▶ [THE TASK]:
Could the lines from the start of the data through the line with "Αναδείξτε τις εκλεκτές" be set down exactly, with no pictures among them?

(Recorded data)
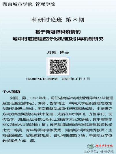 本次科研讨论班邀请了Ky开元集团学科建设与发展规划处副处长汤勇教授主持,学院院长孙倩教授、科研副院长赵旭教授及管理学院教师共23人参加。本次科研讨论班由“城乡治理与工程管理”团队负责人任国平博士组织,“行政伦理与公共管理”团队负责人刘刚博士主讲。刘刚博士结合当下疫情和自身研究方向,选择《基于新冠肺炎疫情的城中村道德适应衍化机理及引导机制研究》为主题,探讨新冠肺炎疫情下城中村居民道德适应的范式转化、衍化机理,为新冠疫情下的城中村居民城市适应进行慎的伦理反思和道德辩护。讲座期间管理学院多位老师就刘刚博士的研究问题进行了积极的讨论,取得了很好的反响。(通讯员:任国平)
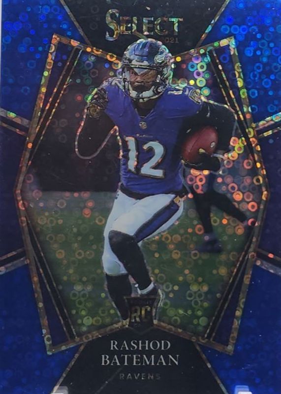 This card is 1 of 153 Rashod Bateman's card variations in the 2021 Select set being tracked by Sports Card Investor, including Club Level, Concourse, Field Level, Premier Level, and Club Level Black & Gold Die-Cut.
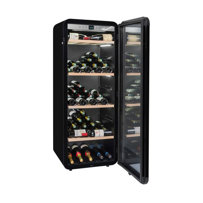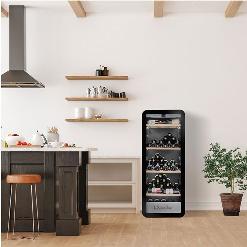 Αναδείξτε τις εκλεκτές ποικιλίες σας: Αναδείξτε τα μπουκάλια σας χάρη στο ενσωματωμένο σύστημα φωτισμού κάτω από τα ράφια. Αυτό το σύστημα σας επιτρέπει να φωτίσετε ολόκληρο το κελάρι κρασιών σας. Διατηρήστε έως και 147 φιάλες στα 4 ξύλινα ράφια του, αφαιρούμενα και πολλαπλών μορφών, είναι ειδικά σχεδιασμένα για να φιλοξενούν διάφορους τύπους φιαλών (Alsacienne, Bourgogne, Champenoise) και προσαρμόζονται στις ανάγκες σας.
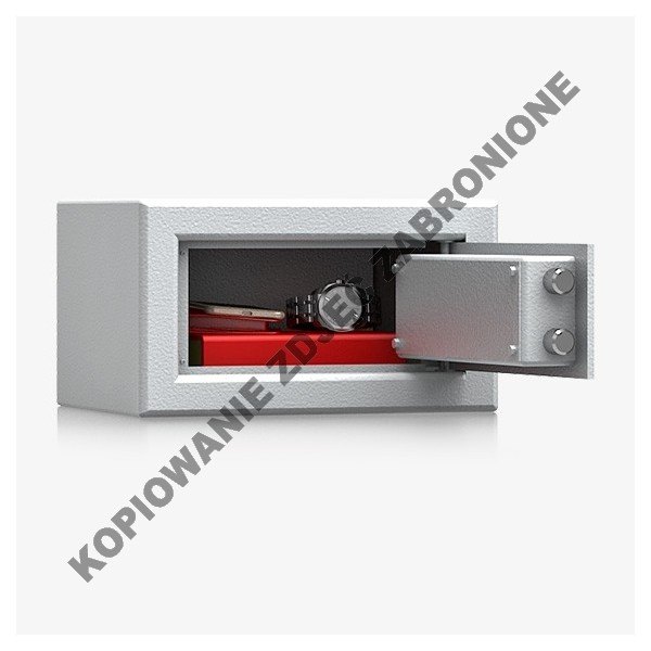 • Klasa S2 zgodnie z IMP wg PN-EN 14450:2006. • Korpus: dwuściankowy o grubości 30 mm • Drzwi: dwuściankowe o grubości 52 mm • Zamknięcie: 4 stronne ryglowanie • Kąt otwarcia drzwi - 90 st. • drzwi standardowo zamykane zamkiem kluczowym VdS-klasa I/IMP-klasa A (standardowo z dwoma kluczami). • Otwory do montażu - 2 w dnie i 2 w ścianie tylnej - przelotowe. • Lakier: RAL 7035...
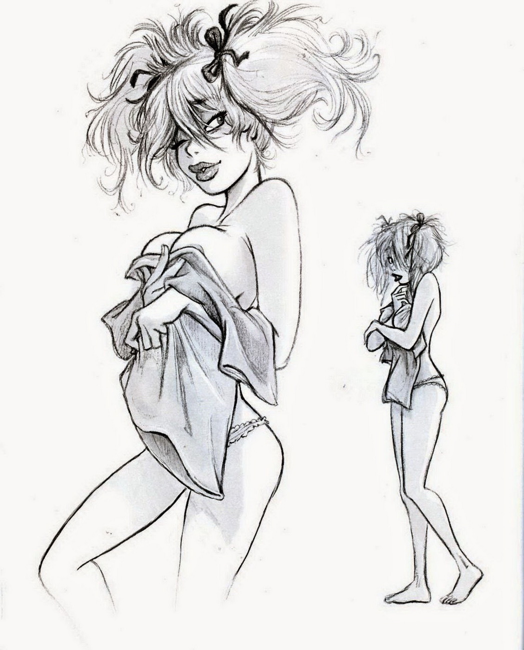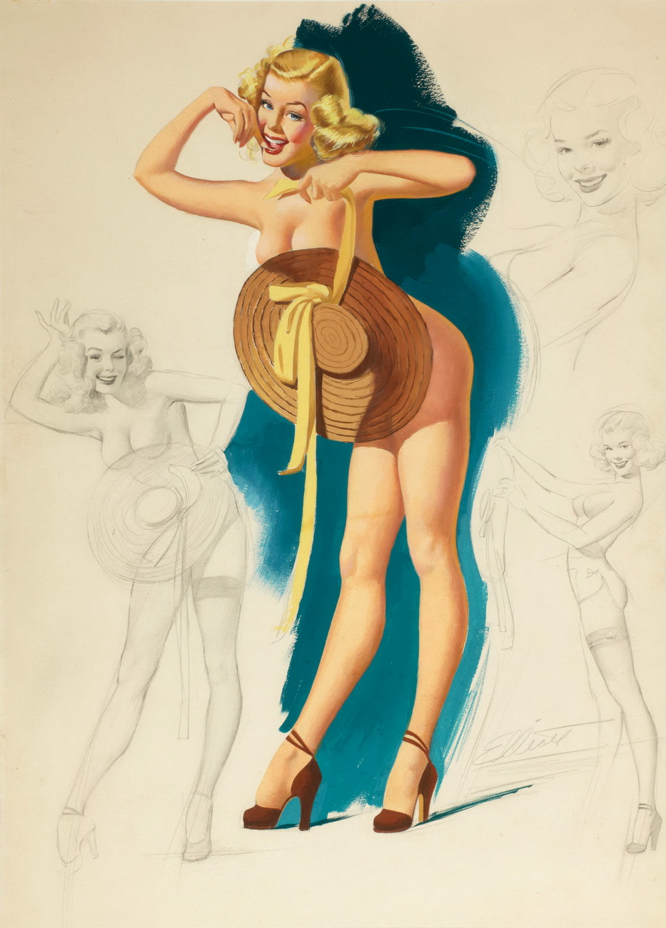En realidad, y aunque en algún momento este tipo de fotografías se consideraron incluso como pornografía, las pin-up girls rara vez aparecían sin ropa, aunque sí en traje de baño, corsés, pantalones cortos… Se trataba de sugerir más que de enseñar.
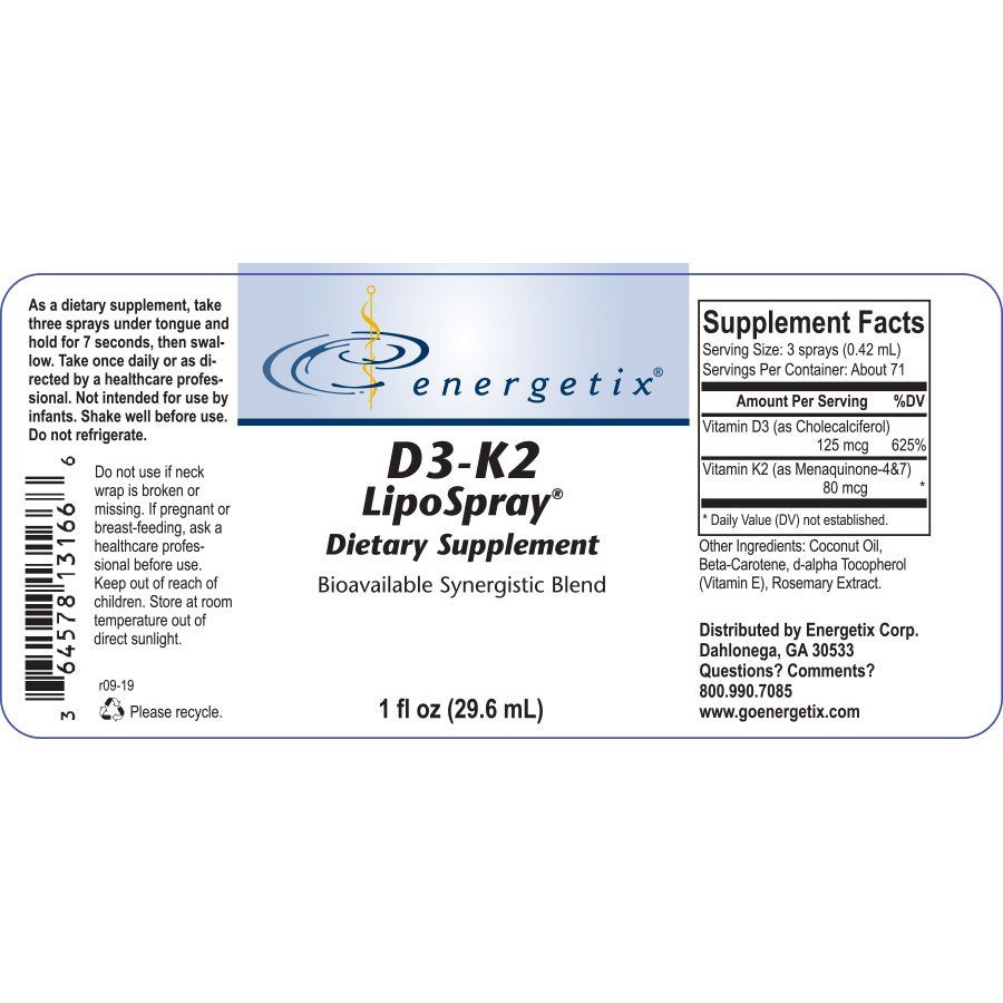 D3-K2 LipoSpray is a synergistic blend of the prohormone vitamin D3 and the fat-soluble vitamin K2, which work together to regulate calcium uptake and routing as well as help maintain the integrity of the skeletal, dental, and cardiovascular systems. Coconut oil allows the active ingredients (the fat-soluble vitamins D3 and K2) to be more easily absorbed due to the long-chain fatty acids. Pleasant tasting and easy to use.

▶ [REPLY]:
 本次科研讨论班邀请了Ky开元集团学科建设与发展规划处副处长汤勇教授主持,学院院长孙倩教授、科研副院长赵旭教授及管理学院教师共23人参加。本次科研讨论班由“城乡治理与工程管理”团队负责人任国平博士组织,“行政伦理与公共管理”团队负责人刘刚博士主讲。刘刚博士结合当下疫情和自身研究方向,选择《基于新冠肺炎疫情的城中村道德适应衍化机理及引导机制研究》为主题,探讨新冠肺炎疫情下城中村居民道德适应的范式转化、衍化机理,为新冠疫情下的城中村居民城市适应进行慎的伦理反思和道德辩护。讲座期间管理学院多位老师就刘刚博士的研究问题进行了积极的讨论,取得了很好的反响。(通讯员:任国平)
 This card is 1 of 153 Rashod Bateman's card variations in the 2021 Select set being tracked by Sports Card Investor, including Club Level, Concourse, Field Level, Premier Level, and Club Level Black & Gold Die-Cut.
 Αναδείξτε τις εκλεκτές ποικιλίες σας: Αναδείξτε τα μπουκάλια σας χάρη στο ενσωματωμένο σύστημα φωτισμού κάτω από τα ράφια. Αυτό το σύστημα σας επιτρέπει να φωτίσετε ολόκληρο το κελάρι κρασιών σας. Διατηρήστε έως και 147 φιάλες στα 4 ξύλινα ράφια του, αφαιρούμενα και πολλαπλών μορφών, είναι ειδικά σχεδιασμένα για να φιλοξενούν διάφορους τύπους φιαλών (Alsacienne, Bourgogne, Champenoise) και προσαρμόζονται στις ανάγκες σας.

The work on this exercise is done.